There is one other cure for doubt. You probably have not thought of it in the context of doubt versus faith, but I submit that these two episodes are next to each other for a reason: that you may see that curing doubt is not an injection but a lifestyle: a lifestyle which turns not on the self but on others. John inquired for himself; the centurion interceded for the lowest of the low.

Intercession

The opposite of doubt is faith; faith without works is dead; and I submit the highest of works is to intercede for others. This is shown in the fact that intercession is nothing less than boldness based on faith. In intercession, the Christian takes his courage in his hand and steps up to the throne of grace to ask the king of kings and Lord of Lords for a favor -- for someone else.

Does this seem too much for you? After all, the first principle of intercession is this: by definition, the strong intercede for the weak, not the other way around. Indeed, in the Scripture we are assured that such intercession is made for us

  • by the Holy Spirit (Romans 8:26-27)
  • by Christ Himself, as our High Priest (Hebrews 7:5)

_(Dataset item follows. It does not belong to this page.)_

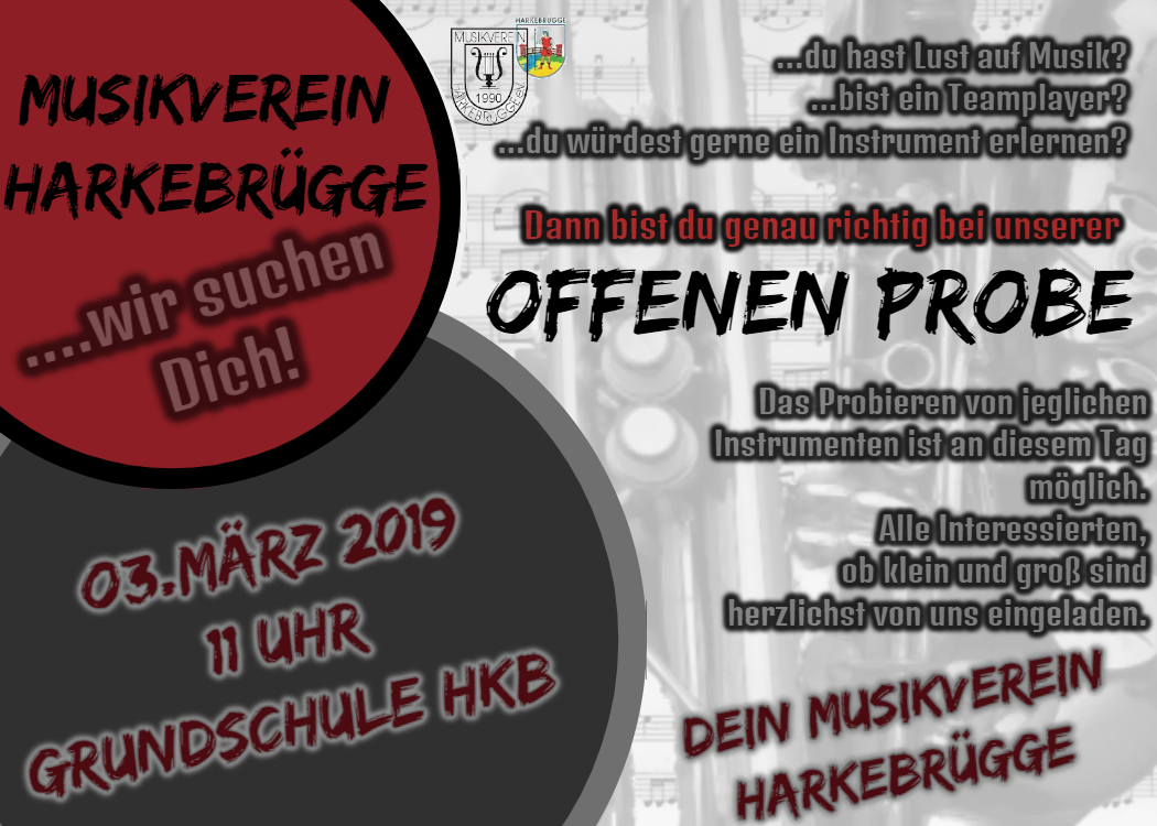 Wie auch im letzten Jahr findet in der Pausenhalle der Grundschule wie eine offene Probe statt. Findet den Weg zur Musik und euerem Instrument.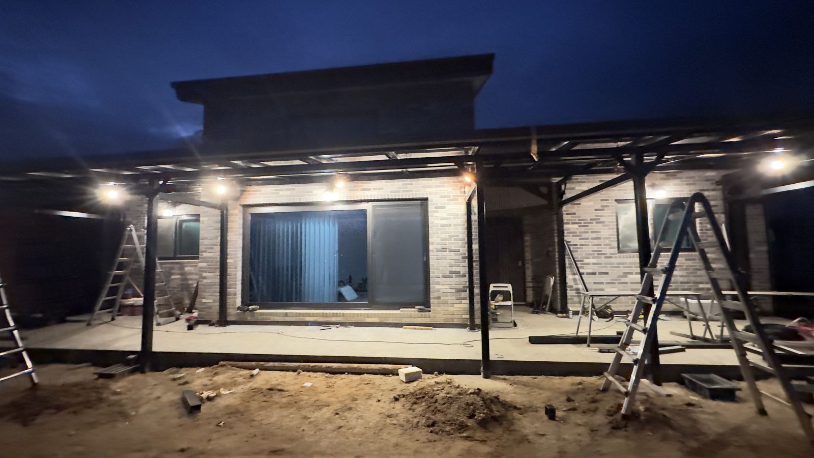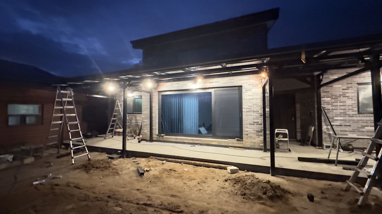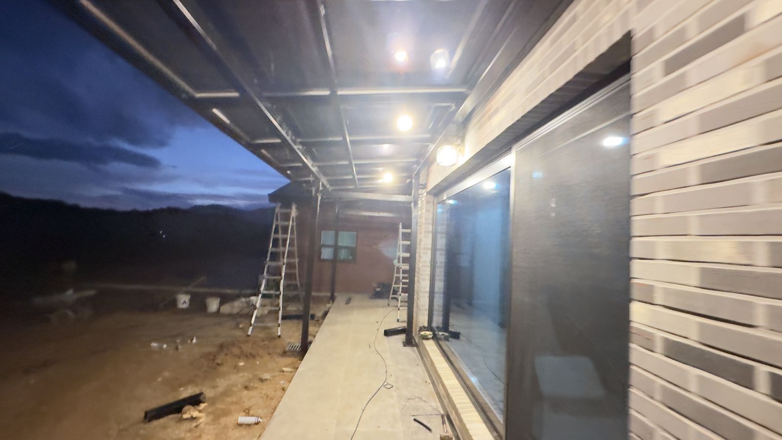 태양광 캐노피 작업시 비가 내린 날이 많아서 마지막에는 야간 작업이 있었네요. 저희 태웅솔라의 양면그라스 모듈은 방수기능을 위해 세심한 작업을 해서 기상재해에도 안전하게 보호합니다. 고급 LED 레일 등 시공

In the Old Testament, intercession was the function of prophets, priests and kings. Clearly, then, we see intercession as something the mighty do for the weak.

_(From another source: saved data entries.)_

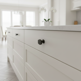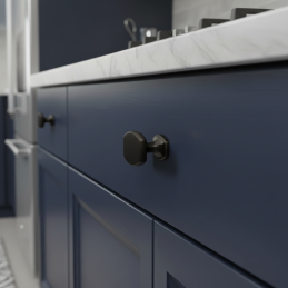 Knopka AMADORA v čiernej matnej úprave je moderným a výrazným dizajnovým doplnkom, ktorý perfektne dopĺňa veľké úchytky AMADORA. Spoločne vytvárajú jednotnú, elegantnú a minimalistickú líniu, ktorá sa hodí do moderných kuchýň, kúpeľní, šatníkov aj obývacích priestorov.
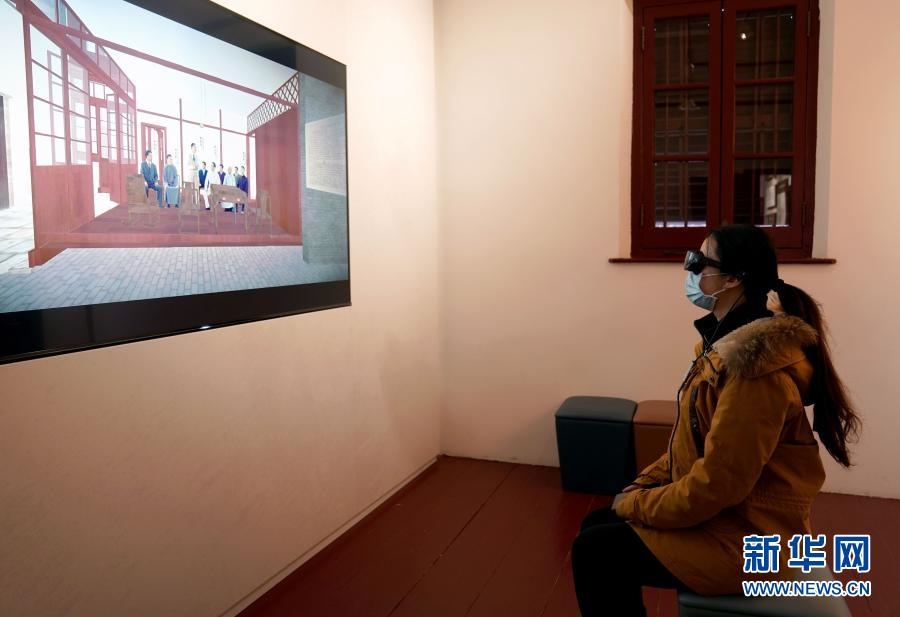 1月18日,參觀者通過VR設(shè)備了解進(jìn)步青年們在舊址內(nèi)活動情況。新華社記者 劉穎 攝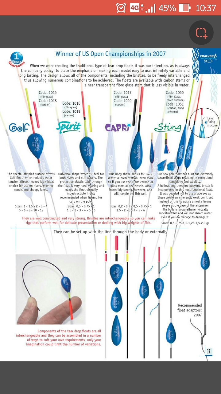 Я когда мах купил разных поплавков купил, но сейчас, по сути, только два типа использую. Кралуссо как на пике 1 для всего и поплавки с длинной мачтой, для поклевок на подъем - пик 2. Кралуссо идут со сменными вершинками, и вообще это поплавок-конструктор, купив за 160 рублей вот такой набор, как на пике 3, можно что угодно собрать. Поплавки совершенно неубиваемые. Веса поплавков - 1,5-2 грамма, если тихо, 3 грамма, если ветер.

But we also see that intercession is commanded to the Christian!

  • First, for our brothers in Christ (1 John 5:16)
  • But also, for all those in authority over us! (1 Timothy 2:12)

Imagine that! We, the strong and mighty, are commanded to pray for Bill Clinton, the weak. And not for him only, but for all in authority. We are the strong, interceding for the weak who run this world.

How can this be? The answer (as always) is found in the Scripture:

(Gal 3:26-27 NIV) You are all sons of God through faith in Christ Jesus, {27} for all of you who were baptized into Christ have clothed yourselves with Christ.

Think of it this way: we, the disciples of Christ, were clothed with Christ at baptism. We are indwelt with the Holy Spirit. How then, does God the Father view our prayers when we are in His will? He looks down and sees the face of His Son Jesus. No longer the weak and puny I but the mighty one, the King of Kings, now intercedes at the throne of heaven. Who on earth stands with more power before that throne? No wonder I am commanded!

Therefore, throw away the doubt which comes from looking at yourself as nothing but man -- and take up the faith and confidence of one who is clothed with Christ.

(Heb 4:16 KJV) Let us therefore come boldly unto the throne of grace, that we may obtain mercy, and find grace to help in time of need.

Faith is not accomplished by half measures.